*** Stored data Section Begins ***

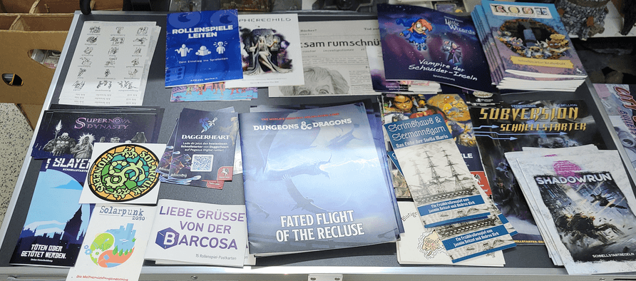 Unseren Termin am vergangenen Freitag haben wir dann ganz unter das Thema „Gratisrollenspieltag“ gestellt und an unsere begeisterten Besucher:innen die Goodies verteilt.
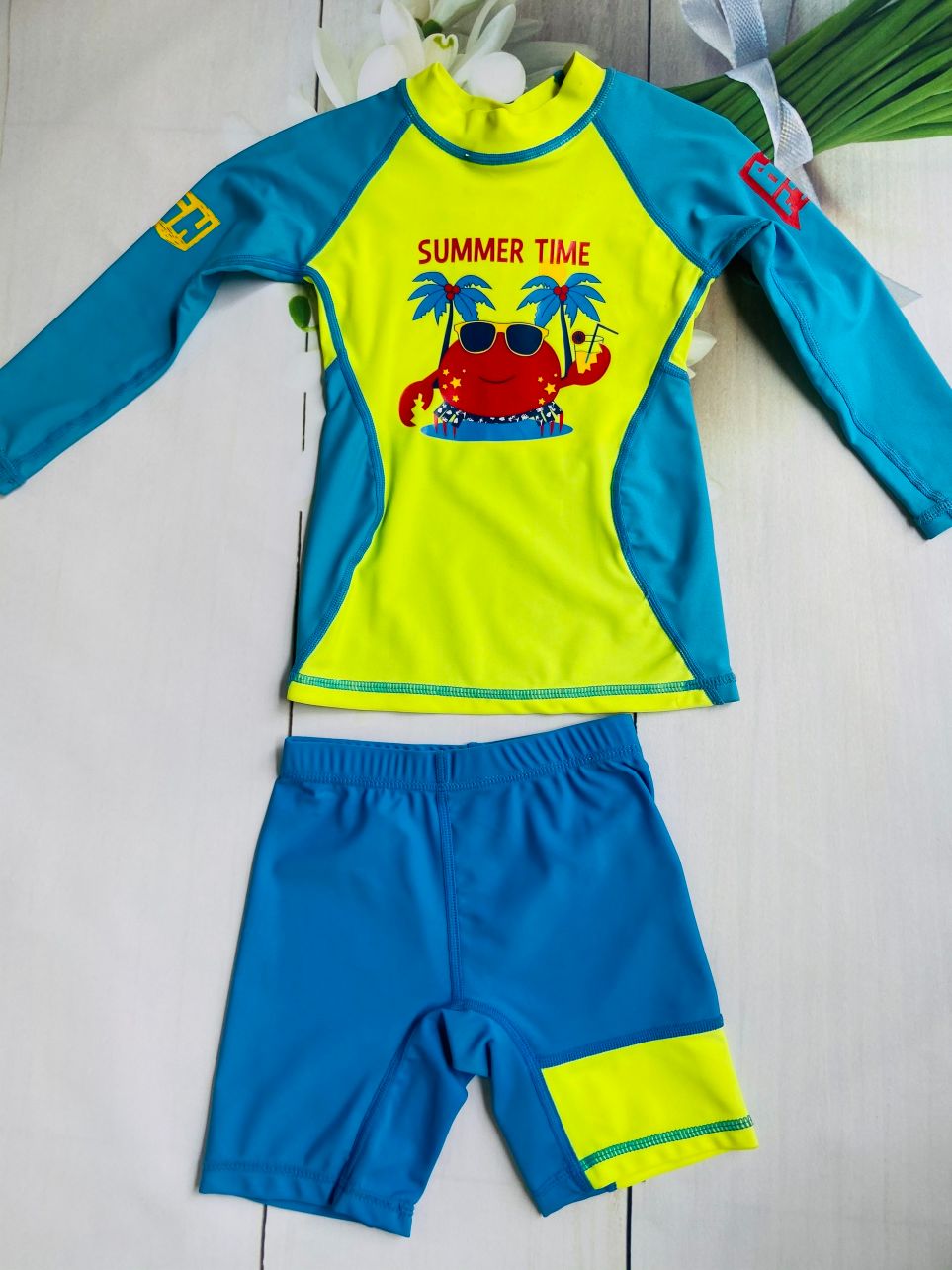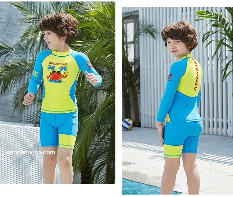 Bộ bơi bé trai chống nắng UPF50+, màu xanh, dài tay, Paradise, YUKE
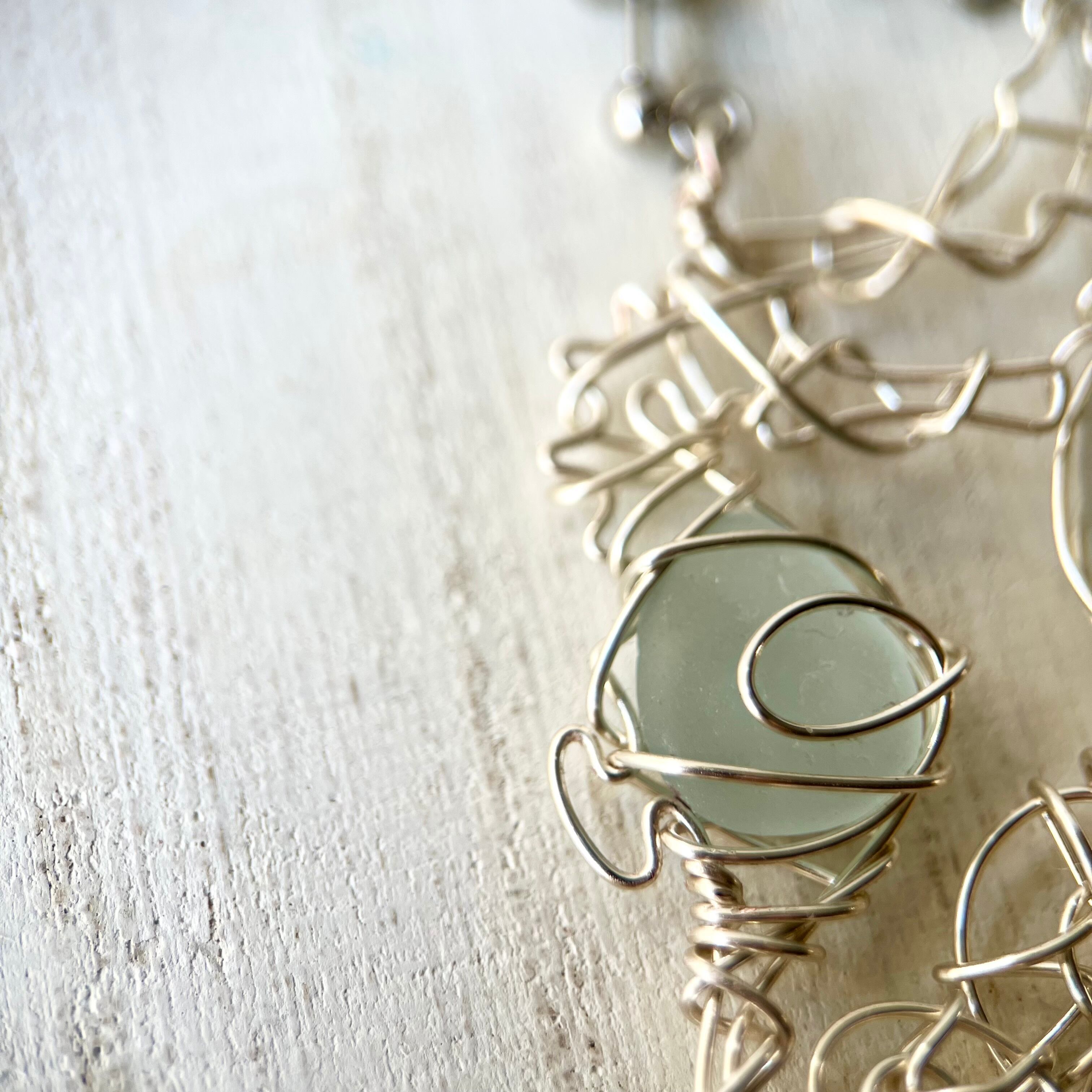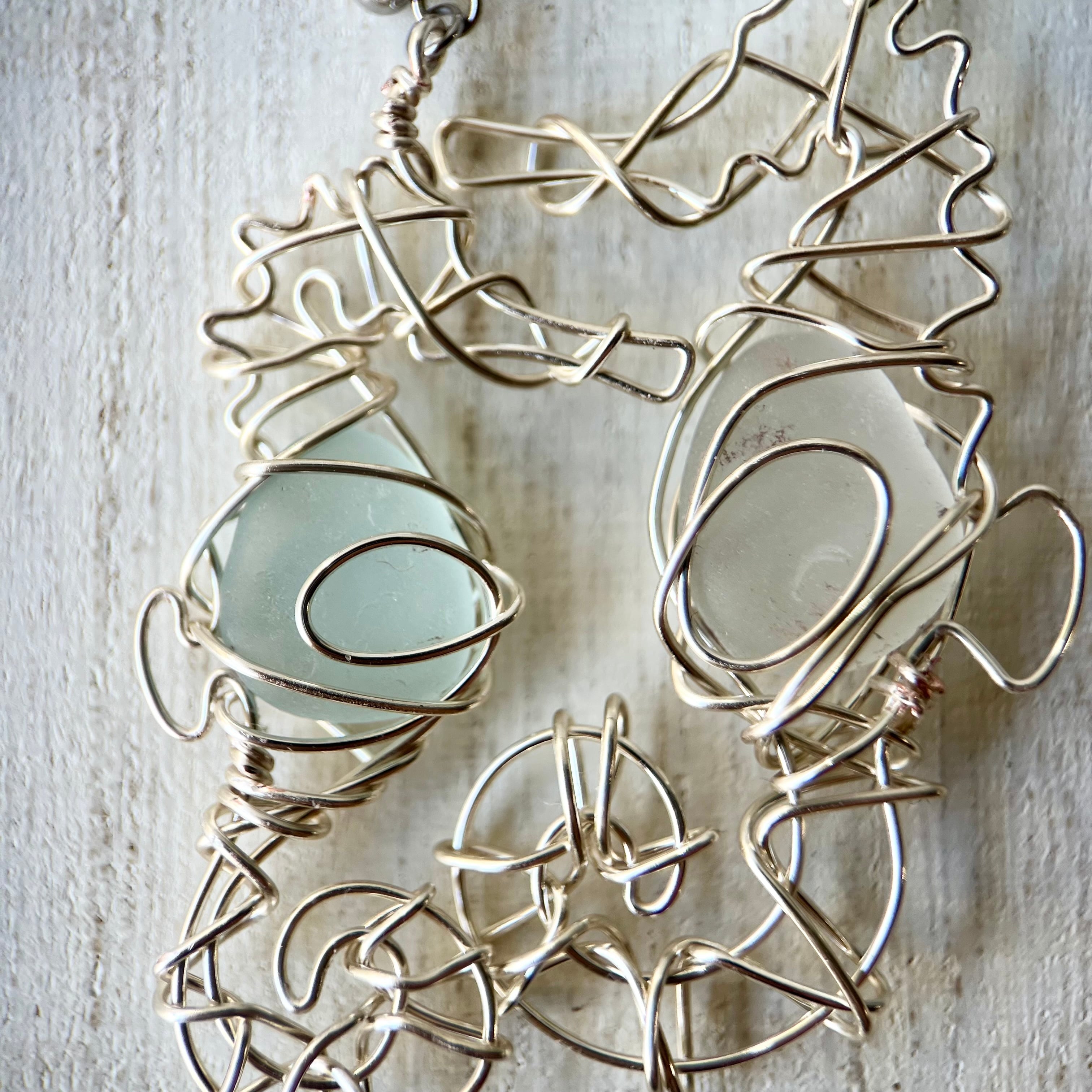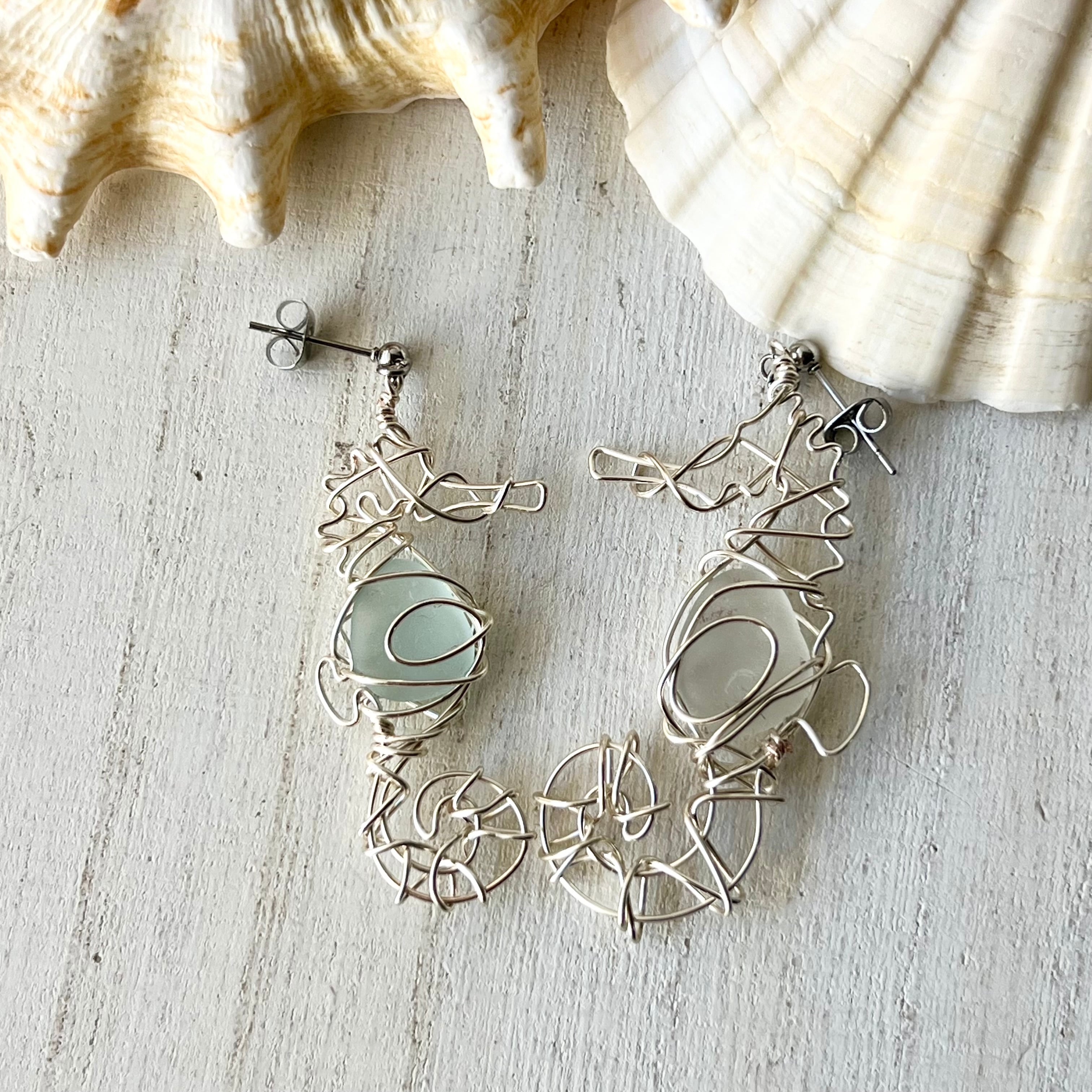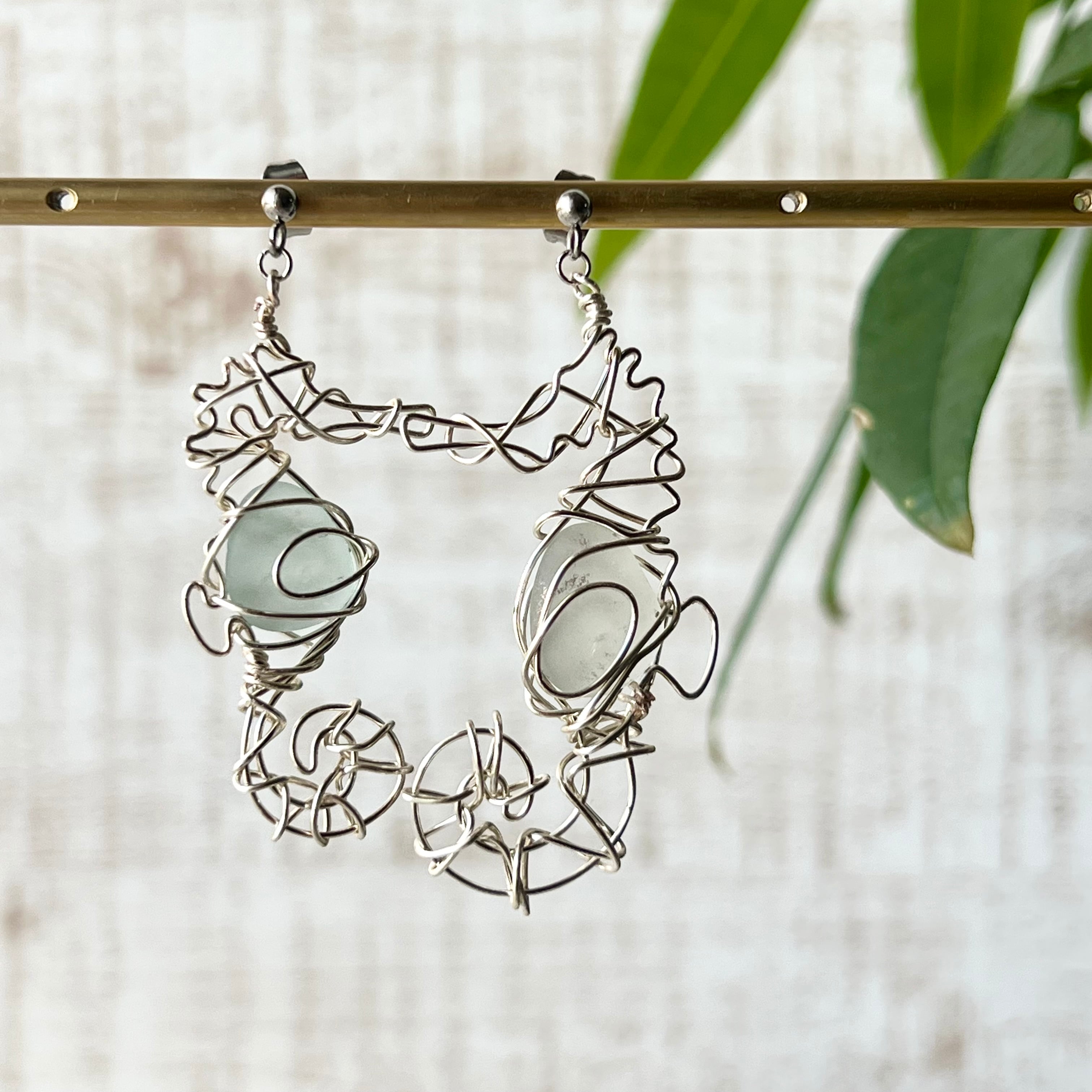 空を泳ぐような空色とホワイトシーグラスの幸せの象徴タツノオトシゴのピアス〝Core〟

*** Stored data Section Ends ***

■ Problem to solve: Write all the lines above out again exactly, minus the images.

■ Result of this task:
 Unseren Termin am vergangenen Freitag haben wir dann ganz unter das Thema „Gratisrollenspieltag“ gestellt und an unsere begeisterten Besucher:innen die Goodies verteilt.
 Bộ bơi bé trai chống nắng UPF50+, màu xanh, dài tay, Paradise, YUKE
 空を泳ぐような空色とホワイトシーグラスの幸せの象徴タツノオトシゴのピアス〝Core〟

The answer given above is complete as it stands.